1:24:54 then so what do we have we've so far we've got 9-11 Oklahoma City we have hating Jews we have what else was it Oh Jewish lobby Jews run Congress what we need to throw homegrown radicals with auto-didact we've got the new town means just self-taught wait wait wait we can throw little if let's just throw one more on top of it Mr. Sarnoff also had a marked-up copy of the protocols of the elders of Zion You kidding me? What do they have some sort of a checklist? Can you add this? Can you add that? This is like Leno on that clip where he starts throwing New York, New York Times Ellsberg, stand-up guy, stripper girlfriend, just throws all the memes in at once
1:25:50 Now, are you familiar... It's like a meme dump. Are you familiar with this whole idea, the protocols of the elders of Zion? Yeah, everybody is. No, I don't think everybody is, but it has been... It is what people who call others out as conspiracy theorists and nutjobs, they love pulling out these protocols of the elders of Zion. And here the Wall Street Journal is kind enough to explain to us what it is. A long discredited tract penned in Russia at the beginning of the 20th century. It describes an alleged plan by Jewish leaders to take over the world.

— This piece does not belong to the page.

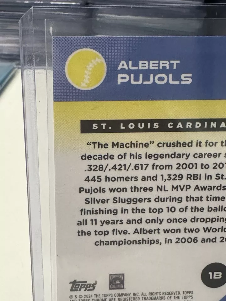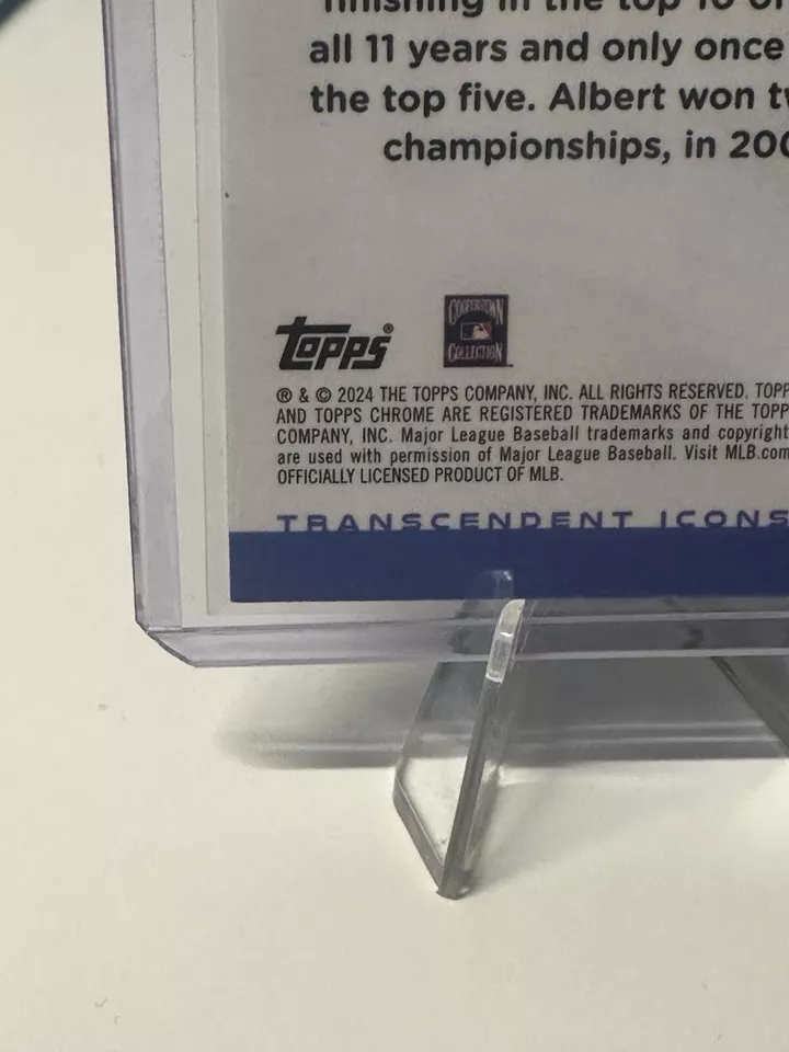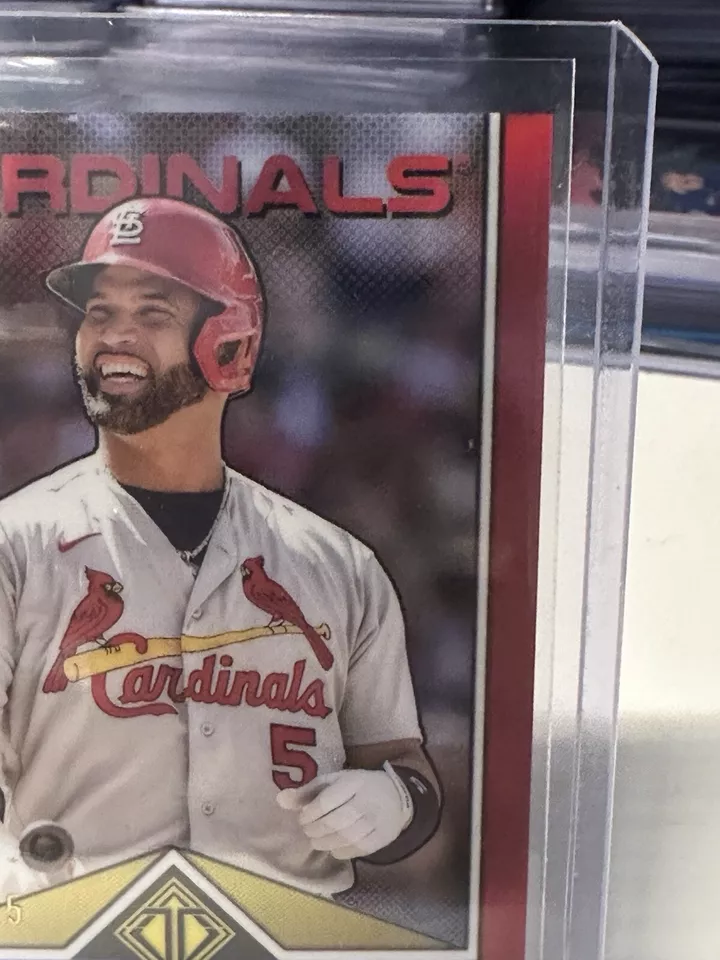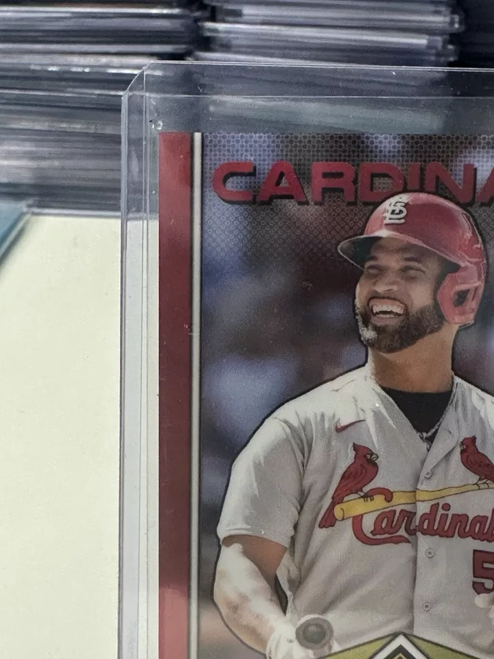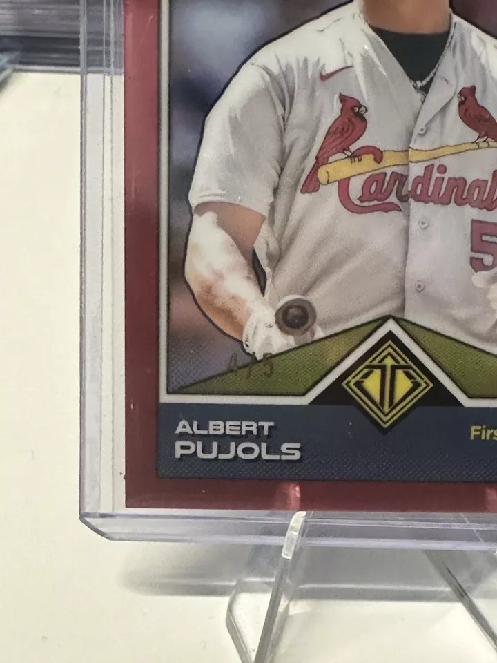 The product is a 2024 Topps Transcendent baseball trading card featuring Albert Pujols of the St. Louis Cardinals. This particular card is a Red Refractor parallel variety with a low print run of only 5 copies, making it highly collectible. It is serial numbered as 4/5, indicating that this specific card is the 4th out of the 5 produced. This rare and unique card is sure to be a prized possession for any baseball card collector or fan of Albert Pujols.

1:26:27 Mr. Sarnaf scrawled 22 words he translated from English to Russian on a back page beginning with Gentile and ending with Mason Gentile Mason and and the Wall Street Journal they just have I mean that they're just stumbling I do they walk and just open some guy's apartment and all this evidence is all over the floor Where's this coming from? This this cannot be taken serious as journalism. No somebody fed this to him whoever it is. Oh, oh And I don't know, it's a very... I'm sure it's a compelling read. Oh my God! It's really... What next? Holy crap! You mean they even believe that stupid old book? Oh my God! Oh! And he uses the word autodidacticism. Dude! Autodidacticismism! Jihadi autodidact. Wow. I'm bi-curious autodidact.